▶ Available data
----------
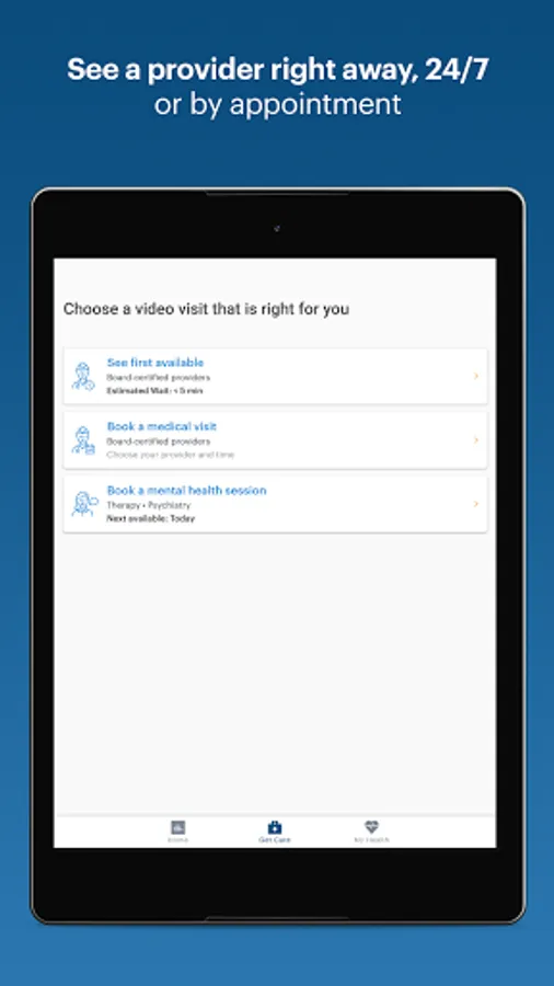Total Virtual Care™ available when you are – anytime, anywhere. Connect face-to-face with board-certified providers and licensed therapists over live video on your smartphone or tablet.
----------
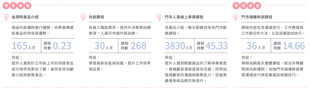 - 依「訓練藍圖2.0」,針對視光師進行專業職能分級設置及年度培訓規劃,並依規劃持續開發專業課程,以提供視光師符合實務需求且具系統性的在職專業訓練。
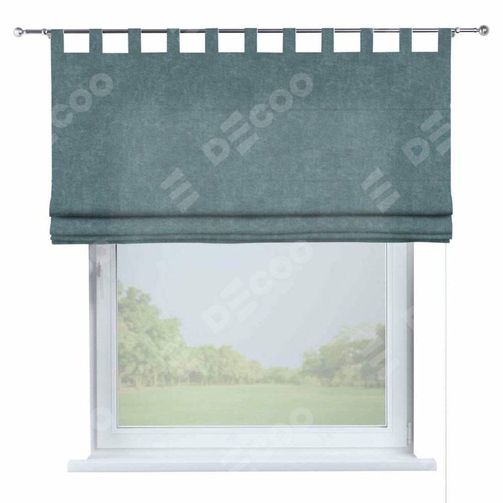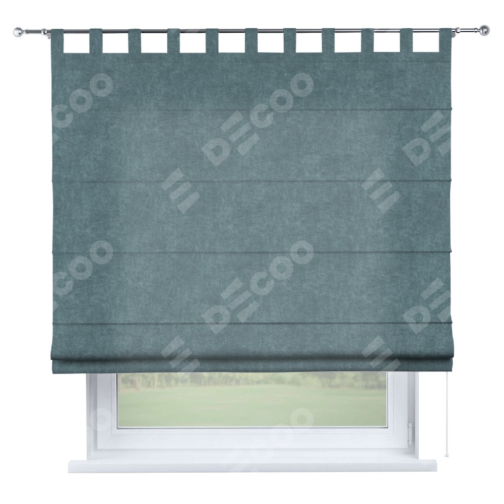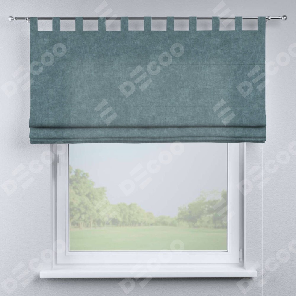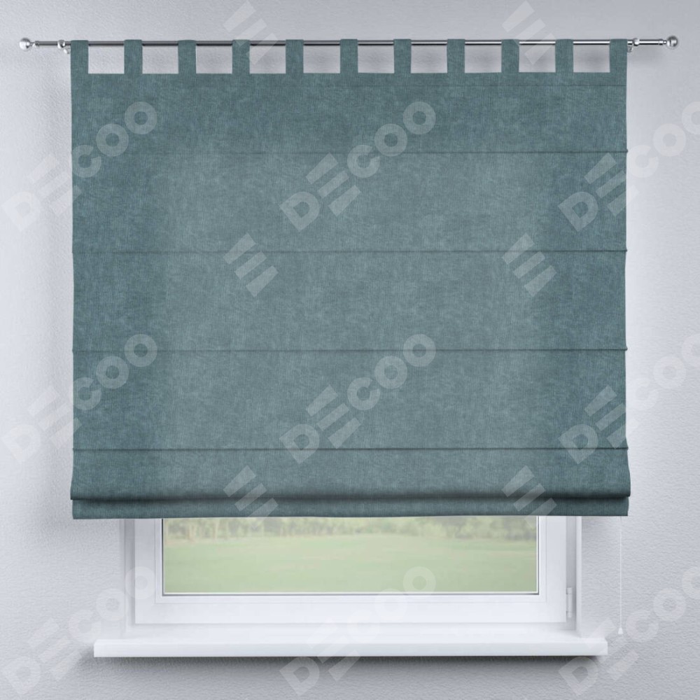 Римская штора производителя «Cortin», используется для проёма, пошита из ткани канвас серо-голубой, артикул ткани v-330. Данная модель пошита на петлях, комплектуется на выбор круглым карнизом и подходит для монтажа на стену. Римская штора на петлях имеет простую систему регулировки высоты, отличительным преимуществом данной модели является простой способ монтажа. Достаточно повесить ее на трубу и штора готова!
----------
▶ Exercise aim
From the records above, copy only the lines running from the line holding "- 依「訓練藍圖2.0」,針" through the line holding "Римская штора производителя", with no pictures.

▶ Final answer
 - 依「訓練藍圖2.0」,針對視光師進行專業職能分級設置及年度培訓規劃,並依規劃持續開發專業課程,以提供視光師符合實務需求且具系統性的在職專業訓練。
 Римская штора производителя «Cortin», используется для проёма, пошита из ткани канвас серо-голубой, артикул ткани v-330. Данная модель пошита на петлях, комплектуется на выбор круглым карнизом и подходит для монтажа на стену. Римская штора на петлях имеет простую систему регулировки высоты, отличительным преимуществом данной модели является простой способ монтажа. Достаточно повесить ее на трубу и штора готова!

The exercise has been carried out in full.